Key Points from the Episode with Jen Arnold

  • Jen Arnold’s story in childhood following her parents’ divorce when she was six, and she grew up with a mother who battled binge eating habits. Sometimes that meant eating a lot of healthy things, having a lot of unhealthy things around, or sometimes having no food around because it was all eaten or because the means weren’t there for there to be enough food. This has lead to a sense of food scarcity, so even today she looks to savor and save her food because of the wiring that tells her that it could all be gone in the next moment.
  • She described her mother’s situation as “eating her pain,” which is a phrase that really struck home for me as someone who has battled with emotional eating in my past.
  • Jen grew up extremely aware of her body and what she ate, and found herself embarrassed by her weight and body composition since she had a more muscular build than other girls, so she naturally weighed more and was bigger, even though she wasn’t overweight for her structure. She shared a particular story from her childhood, growing up own the deep, hot South where she would wear jeans every day to hide her calves, which were bigger and more muscular than other girls’ because she didn’t want people to notice them.
  • Sometimes, we are the meanest to the people we are closest to, and we may not put the work and introspection in to have empathy and compassion for those closest to us. That includes not just our immediate family, but even ourselves. Instead of judging the person, recognize the ‘stuff’ behind the actions or behavior. That helps you realize that there is a reason for the behavior, it’s not often in the person’s conscious control or awareness, and it comes from hurt rather than intentional dysfunction.
  • Jen went through high school as a the achiever, good student, type A. And at 18, she was very directed, but under that outside facade, she didn’t really know what she really wanted in her life.
  • After a car accident at 19, Jen Arnold decided she needed a shift, so she changed colleges and her educational focus to nutrition and took a lot of psychology courses to add the understanding of people’s mindset. That’s how she started down the wellness path, landing a role in a corporate wellness position at a hospital to help employees deal with their weight.
  • While she tried to help as much as she could in her early roles, she found herself with ineffective tools from the standard toolkit around calorie restriction, increased movement and short-term goals around things like corporate weight loss challenges.
  • She started her show, Redesigning Wellness, and started to find out more about mindfulness and its connection to effectively eating better through a guest she interviewed.
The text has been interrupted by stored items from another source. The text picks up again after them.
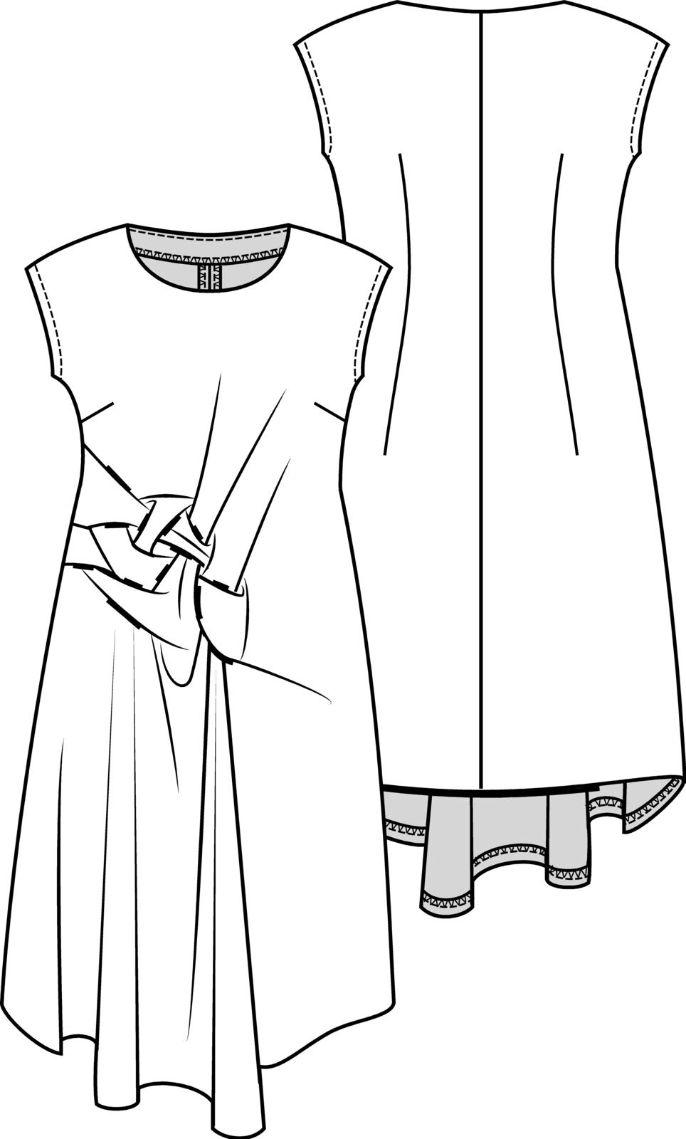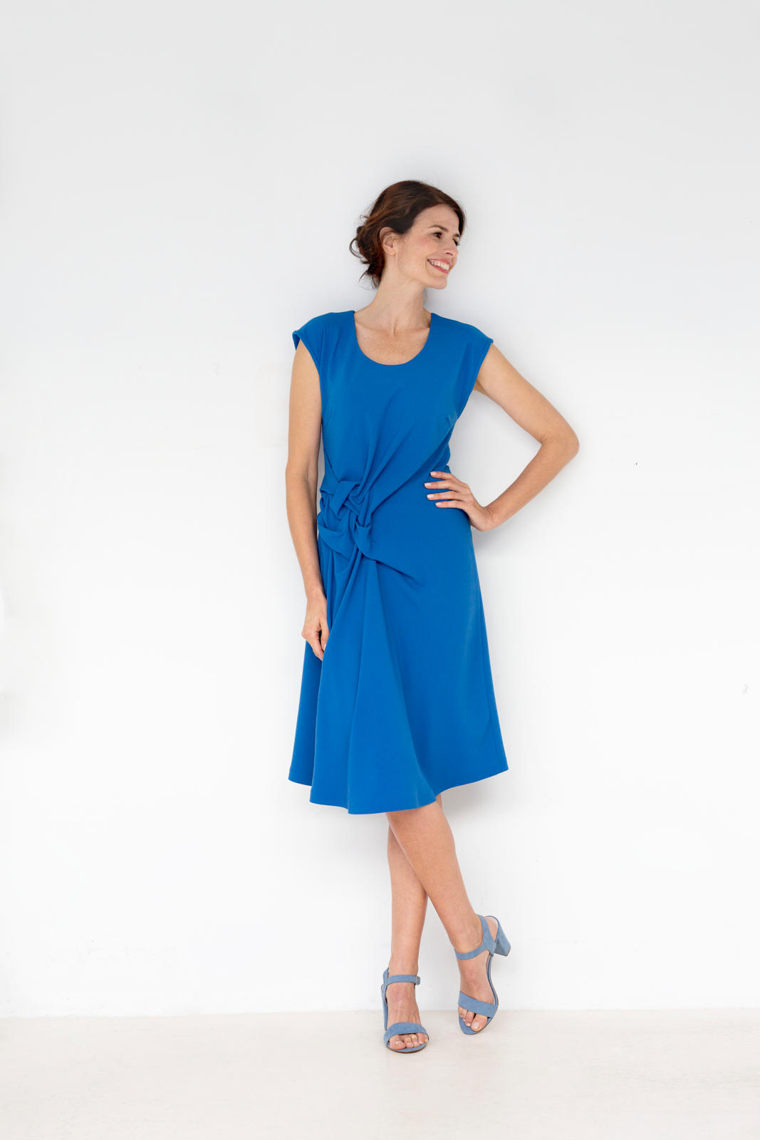 De jurk met decoratieve knoop behoeft geen ingewikkeld vlechtwerk al doet het oog anders geloven. Het is een compositie van plooien die kruislings over elkaar heen vallen, een techniek die wat wegheeft van origami, de eeuwenoude Japanse vouwkunst!
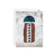 An abstract depiction features a central rusty brown column with a semicircular blue shape at the top and six symmetrical black and white designs aligned vertically. The background has a textured appearance with various shades of white and grey, suggesting a weathered surface.
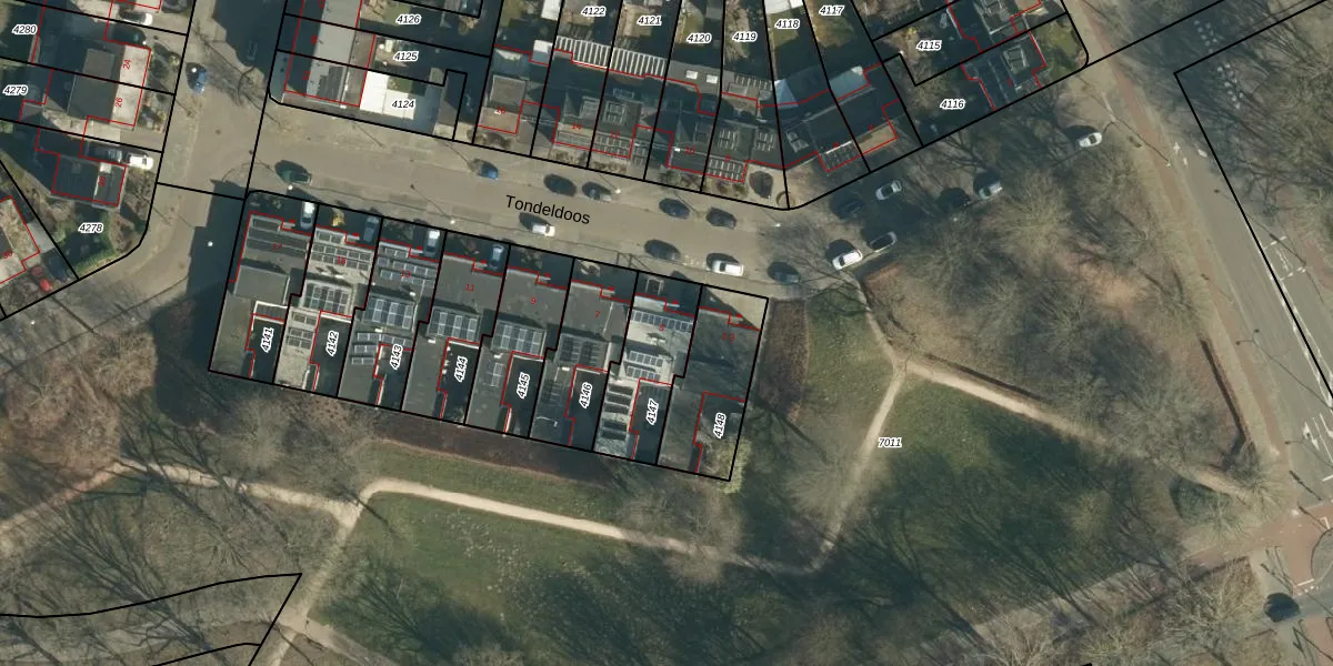 Tondeldoos 5 is gelegen op kadastraal perceel WSL01W4147. Deze kadastrale aanduiding is uniek en wordt gebruikt door het Kadaster om eigendomsrechten en andere zakelijke rechten vast te leggen. Het perceel maakt onderdeel uit van de kadastrale gemeente Woensel.

While that was empowering to discover, it also showed her plainly that she was doing it wrong so far, which was a hard thing to deal with, bringing guilt and a sense of perhaps failing people.
  • She dove further into mindful eating education herself, and started to use that theme in her discussions with corporate clients and individuals she was trying to help.
  • The focus needs to shift from being about the weight and being about the person. It’s less about the surface level things, and more about the underlying reasons and values.
  • We focus on weight so often, and weight isn’t the question. We judge people who lost weight as doing something positive and looking good, but miss why they lost weight and whether they should. Jen shared the story from when she was in a pattern of getting sick over and over and a nurse at the doctor’s office was all excited and celebrating that she had lost weight without realizing it was because she was unwell.
  • We talked about exercise as a penance for what you eat. It’s a punishment, or a must-do. It’s to undo the choices you made around what you ate or will eat. That just reinforces the emotional connection to food, and strengthens the wrong kinds of thoughts around food. Jen talked about joyful movement instead. Let it feel good to move your body in and of itself, without connecting it to undoing some other ‘bad’ in your life.
  • Mindfulness, in essence, is the power of the pause. Stopping and checking in with yourself to break the cycle of mindless actions.